I am also concerned that the proposed priorities would encourage applicants to include information in their applications that, if taken into account for, or the basis for a funding decision or prioritization, would likely be unlawful discrimination under Title VI of the Civil Rights Act of 1964.  For example, in asking that an applicant “describe how its proposed project incorporates teaching and learning practices” that satisfy the listed criteria on one of the proposed priorities, in the context of the total proposal, this could encourage applicants to include demographic information about instructors.  To avoid this, ED could develop tools to blind application reviews to demographic makeup, by, for example, screening out applicant names, or by mandating the removal of any personally identifiable reference to faculty.

It cannot be the case that an application be prioritized over others on the basis that its faculty are of a certain race and thus “better” able to communicate certain ideas or with certain student populations.  Given the citation of Ibram Kendi, for example, an individual who is specifically known and cited for making comments about “white people” as a class, applicants might be discouraged from applying for ED grants if they believe their otherwise qualifying proposal is not sufficiently negative towards that racial group, or if their educational institution has “too many” instructors of that race.  At this point, the proposed priorities themselves might be beyond remedy, but explicit disavowal of Kendi or the various citations that suggest animus against a protected group is certainly necessary.  As Kendi himself argues in other contexts: one is either racist or anti-racist.  Merely stating that the proposals themselves do not harbor animus, or being non-responsive to this comment and others like it is precisely demonstrating that impermissible animus.  It is extremely to evident on the fact of the proposal who and what  “need not apply.”

If, however, ED believes it has a compelling justification to issue funding priorities that allow prioritization on the basis of instructor demographic makeup (or research or training about ensuring some racial or ethnic “fit” between instructors and instructed), or animus to a particular group, ED’s final proposal should explicitly note that and how it narrowly tailors this scheme.  For example, ED might explain how one or another relevant group does substantially better or worse (presumably evincing group animus) while instructed a certain way or with certain instructors. 

Finally, I wish to comment on the regulatory burden the application process imposes, and its compliance with plain language requirements.  Specifically, the proposal includes a lot of highly technical language that applicants are likely unfamiliar with.  Terms like “diversity,” “systemic marginalization,” “bias,” “inequity,” and “validate,” among others, are left undefined.  It is not the case that every term in a proposed agency action needs to be defined, as no document is self-contained and all documents must refer back to common usage.  However, these specific terms are use in a novel and undefined way, and because these are words on which funding decisions rely, they must be more fleshed out.  Given the facial animus of the proposal, these overly vague terms might take their concrete application in legally impermissible ways.  

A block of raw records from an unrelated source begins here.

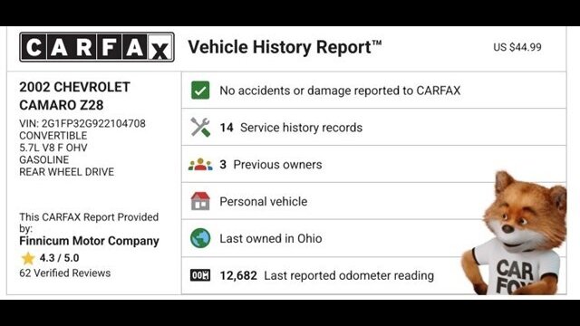 ULTRA LOW MILEAGE 2002 CAMARO Z28 CONVERTIBLE - Bright Rally Red Muscle with V8 Power!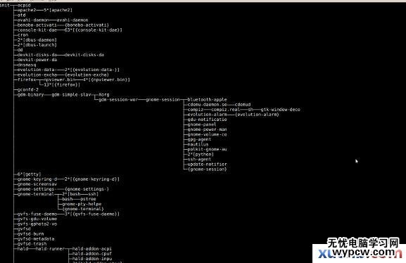pstree以樹狀顯示正在運行的進程。樹的根節點為pid或init。如果指定了用戶名,進程樹將以用戶所擁有的進程作為根節點。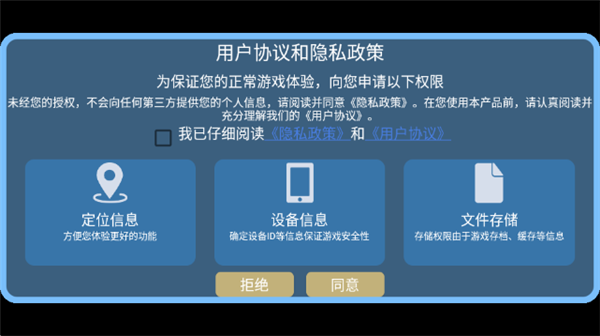 1当首次踏入游戏时,需先阅读《用户协议》与《隐私政策》,之后勾选“我已仔细阅读《隐私政策》和《用户协议》”选项,再点击“同意”按钮,方可进入游戏。
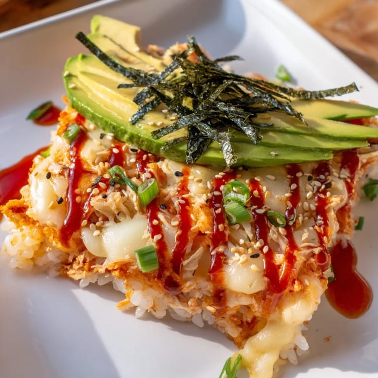 - Let it rest for five minutes so the layers set slightly, then add your avocado, nori strips, sesame seeds, and any extra sriracha or mayo drizzles. The contrast between the warm, creamy casserole and the cool, fresh avocado is what makes this dish sing.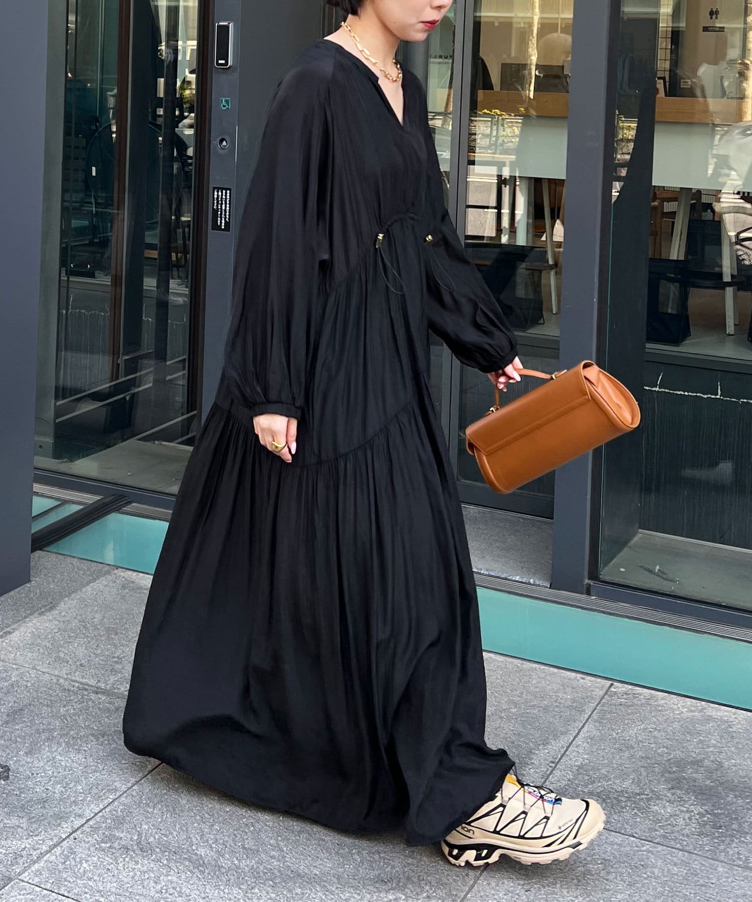 ・レイヤードしたようなデザインの一枚で着映えするオトナなワンピース。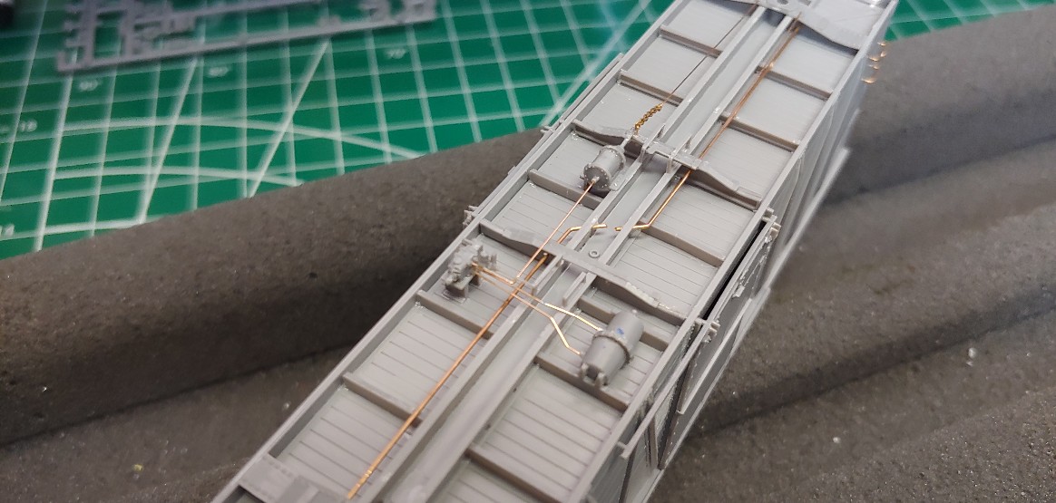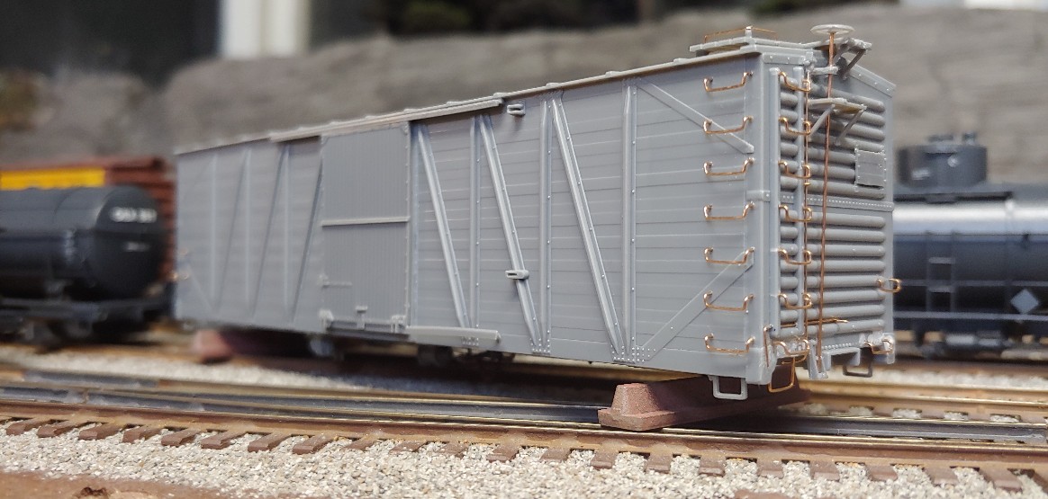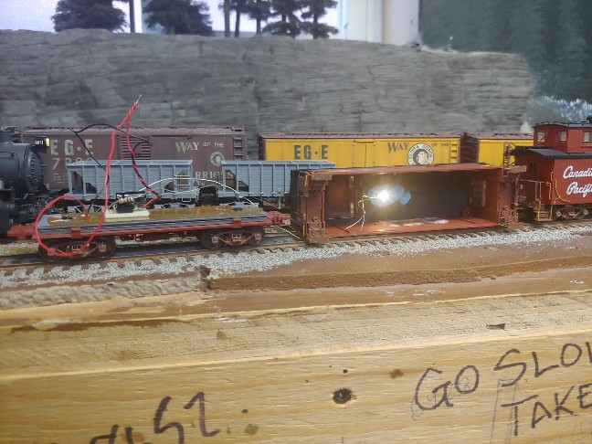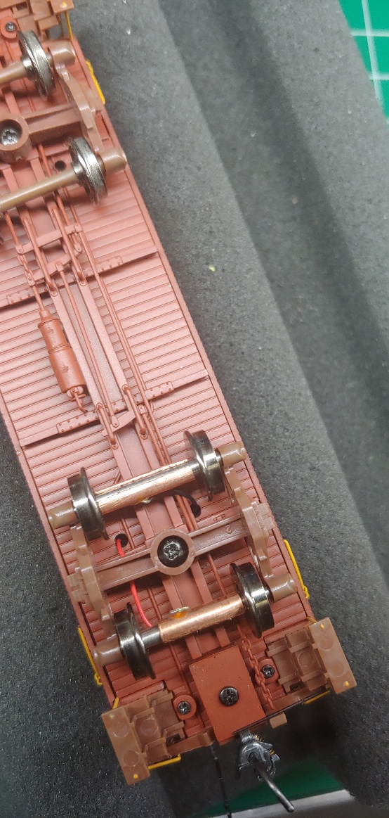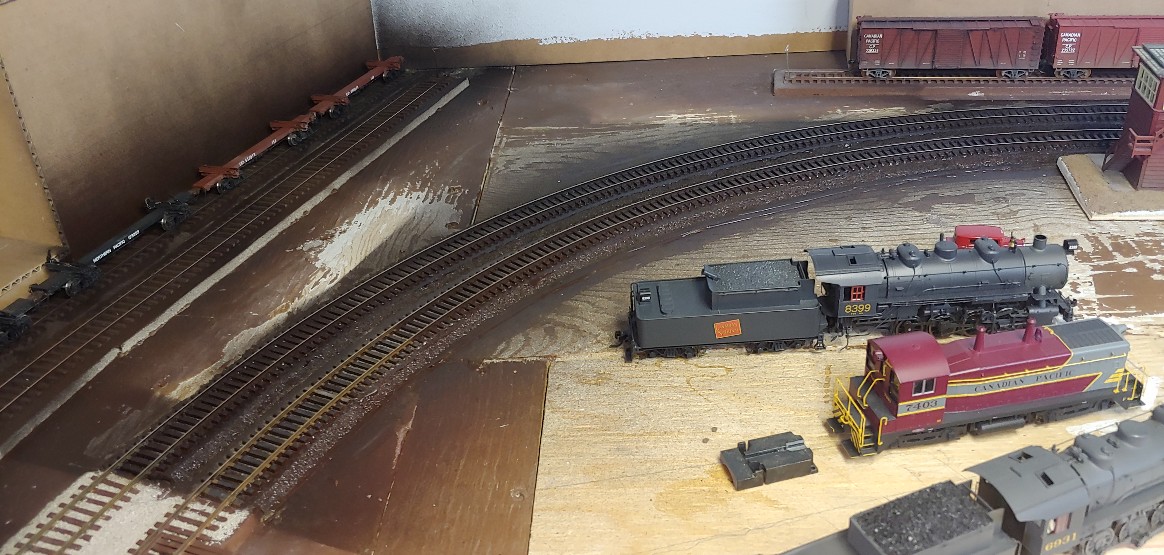 RE: It's been a long time.... - tetters - 09-07-2020 Well. I didn't finish. But I managed to get this far tonight before deciding to pack it in. RE: It's been a long time.... - scribbelt - 09-07-2020 Very nice workmanship! RE: It's been a long time.... - Schraddel - 09-08-2020 Tetters, i agree with you. In some times a detail made out of wire instead out of plastic is the far better choice. As with plastic there is standard styrene (PS), cheap, superior glueablility, but prone to break. Then on the other end polyethylene (PE), also cheap, unbreakable, but unglueable. And there between these two extremes the so called engineering plastics, in comparison expensive and according to the type affectionate either to the glueable/breakable or the unglueable/unbreakable end. Here at the exposed spots the metal parts cut in. Thin brass or nickel-silver wire is simply more rugged and if anchored into bores onto the body even still more rugged. Remember the old wisdom of glueing; the stability of of an glued joint depends strongly onto the seize of the available area. In the case of the steps out of engineering plastic there are the bugbears of a only very small adherend, a badly glueable plastic material and a exposed position. No wonder the parts were departing like interstellar rockets if "looking to sharp" on it. And to your work tetters, as we Germans have a different definition code for acclamation as Canadians, "hervorragend" means really the highest class of praising. ![]() Lutz RE: It's been a long time.... - tetters - 09-08-2020 Thank you Scribbelt! ...and thank you for the "outstanding craftsmanship" compliment Lutz. Sometimes I feel like I'm my own cheerleading squad but it's nice to know some folks notice my efforts. LOL. So, some more progress this afternoon. I wasn't entirely happy with the length of chain I cut for the brake rod and clevis so I brushed some un-cure on the CA'd connections, removed the fiddly bits and cut a longer section of chain. I was able to reuse the previous brake rod, however I fashioned another "eyebolt" out of some .008 phosphor bronze rod and "needle and thread" style assembled it all together. I carefully crimped the ends of the rod to securely hold the chain in place. Getting it all back into place was actually easier then I thought. I paid attention, though, trying to keep the brake rod from dropping to much and keep it as level as possible for the next step. It occurred to me and looking at the photos of the prototype that there appears to be support rods of sorts that help hold up the brake rod. (It's also occured to me that the part I'm referring to may be called something else but I'm going with brake rod). So I fashioned a couple of supports of sorts out of the same .008 wire, drilled holes in the car floor parallel to the center sills and CA'd them in place doing my best to keep the rod level with the frame. Here's a picture of the undercarriage with the support rods in place. I also by this time CA'd the center rod and A end rod in place to the smaller clevis and A end bolster. and finally how it all looks flipped over view from eye level. I placed a sheet of white paper behind the model to help add some contrast. It might not be exactly how the prototype was built but it's exactly the look I'm after. It gives the impression that something is going on under there. Thanks again for the comments, suggestions and advice guys. It really helps me. RE: It's been a long time.... - tetters - 09-08-2020 Done! RE: It's been a long time.... - Schraddel - 09-09-2020 Wordless: ![]() Lutz RE: It's been a long time.... - FiatFan - 09-09-2020 Outstanding work! And you have many fans who thoroughly enjoy/enny your model building skills. Thank you for taking the time to share your work. Tom RE: It's been a long time.... - doctorwayne - 09-09-2020 Yeah, work done-well is always a joy to behold! ![]() ![]() ![]() Wayne RE: It's been a long time.... - ezdays - 09-09-2020 My patience wouldn't allow me to do this kind of work. My hat is off to you for the fine details you've accomplished. ![]() ![]() RE: It's been a long time.... - tetters - 09-18-2020 Taking a break of sorts from boxcars to turn my attention towards some much needed maintenance topside. It's hard to believe that this layout has existed for almost (if not more then 10 years). Albeit it sat for a few years too, dormant and untouched. And even though when I finally dusted things off two years ago and fired up the power supply everything came back to life it wasn't without its problems. A few turnouts needed to be fixed and the track desperately needed a thorough cleaning. There's been one area of contention that's bothered me for a while where the branchline and yard lead make the only real curves on the layout. I've been avoiding this because I knew exactly what I'd have to do to fix it as well. Anyways...something shifted which caused the track work to heave slightly. Enough so to cause the rail to pull away slightly from the ties and cause occasional derailments. I didn't take a before photo, however here it is with the rail removed... You can also see how the plywood has lifted about an 1/8 of an inch in the foreground. Well it was time to break out the oscillating tool carve up all of the road bed and then sand the area as smooth as I could get it. Why I didn't take pictures of the destruction and mayhem this created escapes me. Thankfully it all worked out in the end. I fully admit I cheated here. I was fresh out of homasote for road bed and the tracks are in an area that's incredibly difficult to hand lay without climbing on top of the layout. So I ended up using some corkbed and two three foot pieces of Peco flex track to span the curve. I used cereal box cardstock to shim up the height of the cork in order to ensure the rail head lined up nice and flush with the existing trackwork. Afterwards the all of the new trackwork received a fresh coat of rattle can espresso brown, followed by a dusting of

I am filing my comment right before the deadline, and I have just reviewed some other public comments.  Many reflect the fear that the proposals themselves evince racial animus.  I discovered this rule through my reading the Federal Register, and I am unaware of any group organizing mass comments.  The sheer bulk and varied nature of these non duplicative comments does itself provide evidence that the proposals facially evince animus towards particular ethnic, racial, or other protected groups, or (inversely) favoritism.  

If I were an otherwise qualifying institution seeking to apply for a grant that would comply with the text of the priorities, but which sought to teach how the white ethnic working class has been systemically repressed by the well-funded upper class elites like Kendi, or which sought to teach how Harvard discriminates against Asian Americans, I would believe, based in part on the precatory language in the proposal, that these viewpoints would not qualify, precisely due to the terminology used and its highly technical applied meaning.